Reputation: 83
I have longitudinal data with >100 rows per subject representing daily observations. I want to collapse columns, by subject ID, into monthly observations (i.e. have multiple rows per ID that are summarizing every 30 rows (days) of data).
How can you specify such groupings of days using dplyr?
Also of note, all subjects have different total number of days
Edit: data sample below
df<-structure(list(ID = structure(c(100087, 100087, 100087, 100087,
100087, 100087, 100087, 100087, 100087, 100087, 100087, 100087,
100087, 100087, 100087, 100087, 100087, 100087, 100087, 100087)), time = structure(c(0, 1, 2, 3,
4, 5, 6, 7, 8, 9, 10, 11, 12, 13, 14, 15, 16, 17, 18, 19)),
BMI = structure(c(20.06, 20.06, 20.06, 20.06, 20.06, 20.06,
20.06, 20.06, 20.06, 20.06, 20.06, 20.06, 20.06, 20.06, 20.06,
20.06, 20.06, 20.06, 20.06, 20.06)), Dis = structure(c(0,
0, 0, 0, 0, 0, 0, 0, 0, 0, 0, 0, 0, 0, 0, 0, 0, 0, 0, 0)),
Drug1 = structure(c(1, 1, 1, 1, 1, 1, 1, 1, 1, 1, 1, 1, 1,
1, 1, 1, 1, 1, 1, 1)), Drug2 = structure(c(1,
1, 1, 1, 1, 1, 1, 1, 1, 1, 1, 1, 1, 1, 1, 1, 1, 1, 1, 1))), row.names = c(NA,
-20L), class = c("tbl_df", "tbl", "data.frame"))
Upvotes: 1
Views: 115
Reputation: 18561
I would group_by
ID
and a new times
variable where you can specify the bins with time %/% 30
for 30 rows.

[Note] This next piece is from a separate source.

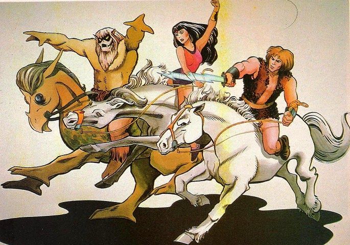 A great early 80s cartoon that set the stage for He-Man and inspired many other cartoons and games like RIFTS. Only 21 episodes but the setting was fantastic in every sense of the word. And now it's got a comic series that came out recently. >In the year 1994, From out of space comes a runaway planet, hurtling between the Earth and the Moon, unleashing cosmic destruction! Human's civilization is cast in ruin! Two thousand years later, Earth is recivilized with A strange new world rises from the old: a world of savagery, super science and sorcery. But one man bursts his bonds to fight for justice! With his companions Ookla the Mok and Princess Ariel, he pits his strength, his courage, and his fabulous Sunsword against the forces of evil. He is Thundarr, the Barbarian!

Since your example data has only a few rows I set this to 5
. Since each respondent has a different amount of times
we need to record first_time
and last_time
to then overwrite times
as x - y
times where x and y are first and last time.
In the across
call you would need to specify the way you want to aggregate the data, below I choose mean
. In case you want to get the mean
of BMI
and the max
value of Drug1
you would need to specify each column in a separate function call.
library(dplyr)
df %>%
group_by(ID, times = time %/% 5) %>%
summarise(across(BMI:Drug2, mean),
time_first = first(time),
time_last = last(time)
) %>%
ungroup() %>%
mutate(times = paste0(time_first, "-", time_last)) %>%
select(-c(time_first, time_last))
#> `summarise()` has grouped output by 'ID'. You can override using the `.groups`
#> argument.
#> # A tibble: 4 × 6
#> ID times BMI Dis Drug1 Drug2
#> <dbl> <chr> <dbl> <dbl> <dbl> <dbl>
#> 1 100087 0-4 20.1 0 1 1
#> 2 100087 5-9 20.1 0 1 1
#> 3 100087 10-14 20.1 0 1 1
#> 4 100087 15-19 20.1 0 1 1
# OPs data
df <- structure(list(ID = structure(c(100087, 100087, 100087, 100087, 100087, 100087, 100087, 100087, 100087, 100087, 100087, 100087, 100087, 100087, 100087, 100087, 100087, 100087, 100087, 100087)), time = structure(c(0, 1, 2, 3, 4, 5, 6, 7, 8, 9, 10, 11, 12, 13, 14, 15, 16, 17, 18, 19)), BMI = structure(c(20.06, 20.06, 20.06, 20.06, 20.06, 20.06, 20.06, 20.06, 20.06, 20.06, 20.06, 20.06, 20.06, 20.06, 20.06, 20.06, 20.06, 20.06, 20.06, 20.06)), Dis = structure(c(0, 0, 0, 0, 0, 0, 0, 0, 0, 0, 0, 0, 0, 0, 0, 0, 0, 0, 0, 0)), Drug1 = structure(c(1, 1, 1, 1, 1, 1, 1, 1, 1, 1, 1, 1, 1, 1, 1, 1, 1, 1, 1, 1)), Drug2 = structure(c(1, 1, 1, 1, 1, 1, 1, 1, 1, 1, 1, 1, 1, 1, 1, 1, 1, 1, 1, 1))), row.names = c(NA, -20L), class = c("tbl_df", "tbl", "data.frame"))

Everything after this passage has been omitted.